*Activity*: What you return must be the lines from the first one below through the one containing "Ung hankatt, ett", exactly and with pictures excluded.

*Information supplied*:
☆ ☆ ☆ ☆
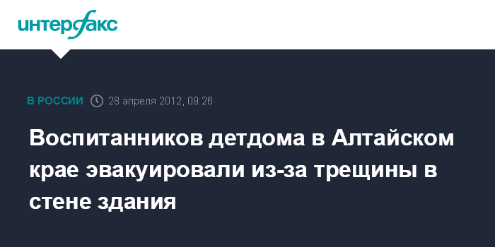 Барнаул. 28 апреля. INTERFAX.RU - Рабочая комиссия в Алтайском крае расследует причины появления трещины в стене детского дома №1 в Горняке, сообщил в субботу агентству "Интерфакс-Сибирь" представитель краевого управления по образованию и делам молодежи.
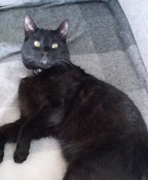 Ung hankatt, ett og et halvt år. Har svart halsbånd med bjelle (dersom han ikke har mistet den). Ellers helsvart, slank. Litt sky. Er kastrert og chippet.
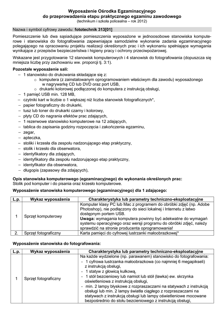 Wyposażenie Ośrodka Egzaminacyjnego do przeprowadzenia etapu praktycznego egzaminu zawodowego (technikum i szkoła policealna – rok 2012) Nazwa i symbol cyfrowy zawodu: fototechnik 313[01] Pomieszczenie lub dwa sąsiadujące pomieszczenia wyposażone w jednoosobowe stanowiska komputerowe i stanowiska do fotografowania zapewniające samodzielne wykonanie zadania egzaminacyjnego polegającego na opracowaniu projektu realizacji określonych prac i ich wykonaniu spełniające wymagania wynikające z przepisów bezpieczeństwa i higieny pracy i ochrony przeciwpożarowej. Wskazane jest przygotowanie 12 stanowisk komputerowych i 4 stanowisk do fotografowania (dopuszcza się mniejsza liczbę przy zachowaniu ww. proporcji tj. 3:1). Pozostałe wyposażenie sali: − 1 stanowisko do drukowania składające się z: o komputera (z zainstalowanym oprogramowaniem właściwym dla zawodu) wyposażonego w nagrywarkę CD lub DVD oraz port USB, o drukarki kolorowej podłączonej do komputera z instrukcją obsługi, − 1 pamięć USB min. 128 MB, − czytniki kart w liczbie o 1 większej niż liczba stanowisk fotograficznych*, − papier fotograficzny do drukarki, − tusz lub toner do drukarki czarny i kolorowy, − płyty CD do nagrania efektów prac zdających, − 1 rezerwowe stanowisko komputerowe na 12 zdających, − tablica do zapisania godziny rozpoczęcia i zakończenia egzaminu, − zegar, − apteczka, − stoliki i krzesła dla zespołu nadzorującego etap praktyczny, − stolik i krzesło dla obserwatora, − identyfikatory dla zdających, − identyfikatory dla zespołu nadzorującego etap praktyczny, − identyfikator dla obserwatora, − długopis (zapasowy dla zdających), Opis stanowiska komputerowego (egzaminacyjnego) do wykonania określonych prac: Stolik pod komputer i do pisania oraz krzesło komputerowe. Wyposażenie stanowiska komputerowego (egzaminacyjnego) dla 1 zdającego: L.p. Wykaz wyposażenia 1 Sprzęt komputerowy 2. Sprzęt fotograficzny Charakterystyka lub parametry techniczno-eksploatacyjne Komputer klasy PC lub Mac z programem do obróbki zdjęć (np. Adobe Photoshop), nie podłączony do sieci lokalnej i Internetu z łatwo dostępnym portem USB. Uwaga: wymagania komputera powinny być adekwatne do wymagań systemu operacyjnego oraz wersji programu do obróbki zdjęć, należy sprawdzić na stronie producenta oprogramowania! Karta pamięci do cyfrowej lustrzanki małoobrazkowej* Wyposażenie stanowiska do fotografowania: L.p. 1 Wykaz wyposażenia Sprzęt fotograficzny Charakterystyka lub parametry techniczno-eksploatacyjne Na każde wydzielone (np. parawanem) stanowisko do fotografowania: - 1 cyfrowa lustrzanka małoobrazkowa (co najmniej 6 megapikseli) z instrukcją obsługi, - 1 statyw z głowicą kulkową, - 1 stół bezcieniowy lub namiot lub stół (ławka) ew. skrzynka oświetleniowa z instrukcją obsługi, - min. 2 lampy błyskowe z rozpraszaczami na statywach z instrukcją obsługi lub min. 2 lampy światła ciągłego z rozpraszaczami na statywach z instrukcją obsługi lub lampy oświetleniowe mocowane bezpośrednio do stołu bezcieniowego z instrukcją obsługi, - 1 światłomierz do światła ciągłego i błyskowego z instrukcją obsługi, - 1 szara skala tonalna, - tła papierowe lub z materiału.
☆ ☆ ☆ ☆
*Task answer*:
 Барнаул. 28 апреля. INTERFAX.RU - Рабочая комиссия в Алтайском крае расследует причины появления трещины в стене детского дома №1 в Горняке, сообщил в субботу агентству "Интерфакс-Сибирь" представитель краевого управления по образованию и делам молодежи.
 Ung hankatt, ett og et halvt år. Har svart halsbånd med bjelle (dersom han ikke har mistet den). Ellers helsvart, slank. Litt sky. Er kastrert og chippet.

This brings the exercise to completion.